Le domestique prend ainsi les allures d’un rapport renouvelé à l’éco-nomie et à l’éco-logie, toutes deux fondées sur l’oikos (la maison) à quoi on associe le logos (connaissances) ou le nomos (administrer). Cette tension dresse une parabole biopolitique entre veillance et surveillance, soin et contrôle, élevage et éducation, domestication et transmission. Au fond s’entendent les murmures de celleux qui cherchent à tisser quelque chose qui nous survit et que l’on peut léguer à une descendance.
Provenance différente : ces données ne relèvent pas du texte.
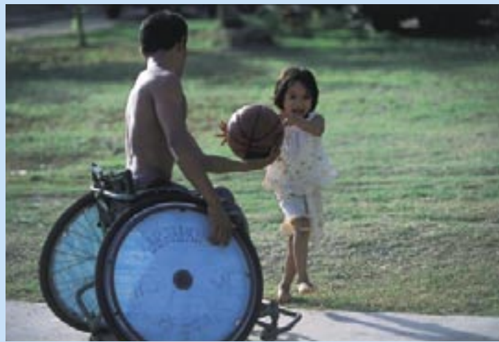
小さなサポーターも選手を支えている

入ってきたカンボジア。しかし、貧困や地雷など、様々な問題が続いている。今でも数百万個も残っている地雷では、年間一〇〇人以上の人々が傷つき続けている。地雷除去や義足の提供など、ハード面での支援はこれまで続いていた。しかし、地雷被害者たちの心のケアは置き去りにされてきた。退院後、自分の村に戻っても、疎外感や孤独を感じ、同じ境遇の仲間がいる病院に遊びに通う被害者もいる。疎外感から村を捨て、都会に出てきて、物乞いをするしかない被害者もいる。そんな被害者たちの心を繋ごうと、今年一月には日本のNGOによってラジオ番組が放送され、大きな反響を受けた。この国で障害者スポーツが盛んになれば、さらに同じ境遇の人々のつながりができ、強いチームになれば、みんなの希望にもなる。バレーボールは、次の北京パラリンピックではメダルも期待できる強さだという。もし、そうなれば、彼らの自信につながるだけでなく、社会的な偏見も、きつと減っていくだろう。現在、バレーボールに続き車椅子バスケットボールもリーグ戦を作ろうと奔走している人々もいる。幸か不幸か選手候補はたくさんいる。「強くなつて、皆に希望を与えたいんだ。」ソパンさんが言う。今、傷ついた人々の心に、希望の光が灯ろうとしている。(いけぐち ひろゆき／(有)ワールドフォト)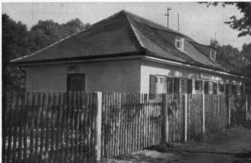
Bootschhaus der Galtboot-Riege des M. T. V. an der Zentralländstraße

Der Krieg und seine schweren Folgeerscheinungen haben die Allgemeinheit des Volkes mehr und mehr von der Notwendigkeit einer geregelten Leibesertüchtigung überzeugt. Dieses erhöhte Verständnis für Leibesübungen machte sich in all unseren Abteilungen geltend. Standen die Aktiven vor dem Kriege mit einer Höchstzahl von 120 am Platze, so zeigte sich nach dem Kriege gleich in den ersten Jahren eine durchschnittliche Besucherzahl von 200 und mehr, die sich bis auf den heutigen Tag erhalten hat. Daneben wuchs die Leichtathletikabteilung zu einer Stärke von 130 bis 150; die Fechtrierge weist bei ihren Übungen eine Zahl von 40 Besuchern auf. Die neuen Strömungen für Körperkultur in der Frauenwelt wuchsen sich in unserem Verein zu prächtigsten Blüten aus. Können wir doch heute an Hand der Statistik feststellen, daß an den Frauenturntagen (Montag und Donnerstag in 4 Abteilungen) durchschnittlich 540 bis 580 unsere Übungsstätten besuchen. Der M. T. V. bemüht sich, den Bedürfnissen der einzelnen weitest entgegenzukommen; aus diesem Gesichtspunkt heraus wurde auch eine eigene rhythmische Abteilung gegründet. Die schon vor dem Krieg eifrig betriebenen Spielarten entwickelten sich in den letzten Jahren (besonders Handball, Schlagball, Faustball, Tennis) ganz erfreulich; Fußball und Hockey sind wieder neu aufgenommen worden.

Se télescopent et se superposent des mondes, où il ne s’agit plus d’opposer les privilèges des un.e.s aux acquis des autres, mais d’insuffler des perspectives inclusives qui renversent les hiérarchies établies. Polysémique, l’exposition opère ainsi un chiasme entre textile et textuel, travaux de dames (assignées à résidence) et renouvellement de voix émancipatrices. L’exposition se situe en cela à l’interaction des points de friction entre l’onirique et le pragmatique, dans cette zone de contact et de métamorphoses qui nous plonge dans un rêve éveillé. Elle inspire l’idée d’un débordement de la vie nocturne dans la vie diurne qui se profile par le bas et l’ordinaire sans imposer les hauteurs de l’esprit ni la tyrannie de l’optimisation de la vie.